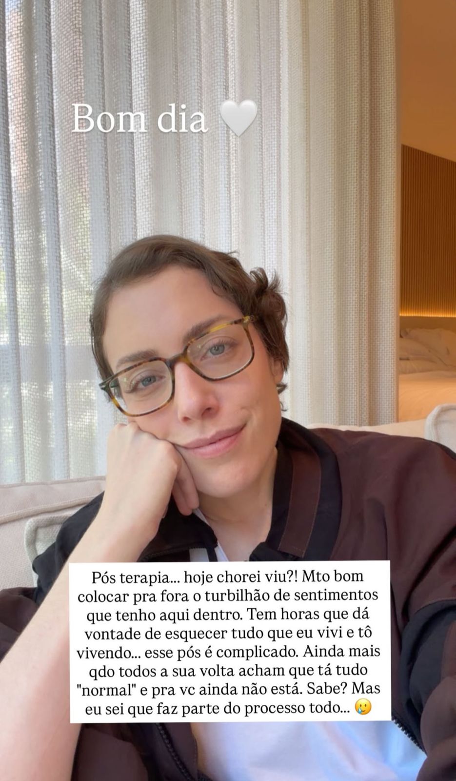 "Pós-terapia... hoje chorei viu?! Muito bom colocar pra fora o turbilhão de sentimentos que tenho aqui dentro. Tem horas que dá vontade de esquecer tudo que eu vivi e tô vivendo... Esse pós é complicado. Ainda mais quando todos à sua volta acham que tá tudo ‘normal’ e pra você ainda não está. Sabe? Mas eu sei que faz parte do processo todo", comentou ela.
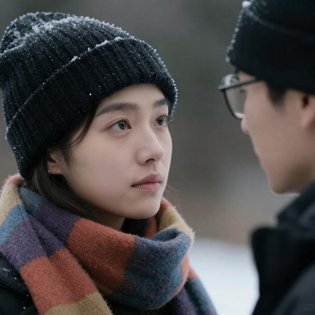 Portrait of a young East Asian woman standing outdoors in a snowy winter setting. She wears a stylish blue double-breasted coat and a grey patterned scarf, with softly falling snowflakes visible around her. The background shows blurred trees blanketed in snow, creating a serene and tranquil winter atmosphere.
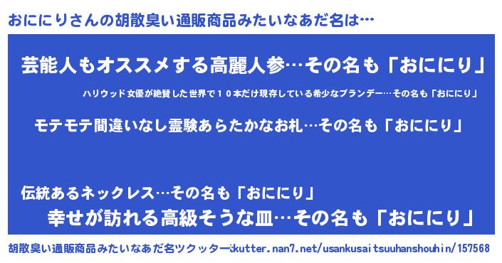 | 意味不明あだ名 | 『ペロリンおににり』『自称おににり』 |

_YOUR OBJECTIVE_:
All of the material should be reproduced exactly, apart from the pictures.

_TASK RESPONSE_:
 "Pós-terapia... hoje chorei viu?! Muito bom colocar pra fora o turbilhão de sentimentos que tenho aqui dentro. Tem horas que dá vontade de esquecer tudo que eu vivi e tô vivendo... Esse pós é complicado. Ainda mais quando todos à sua volta acham que tá tudo ‘normal’ e pra você ainda não está. Sabe? Mas eu sei que faz parte do processo todo", comentou ela.
 Portrait of a young East Asian woman standing outdoors in a snowy winter setting. She wears a stylish blue double-breasted coat and a grey patterned scarf, with softly falling snowflakes visible around her. The background shows blurred trees blanketed in snow, creating a serene and tranquil winter atmosphere.
 | 意味不明あだ名 | 『ペロリンおににり』『自称おににり』 |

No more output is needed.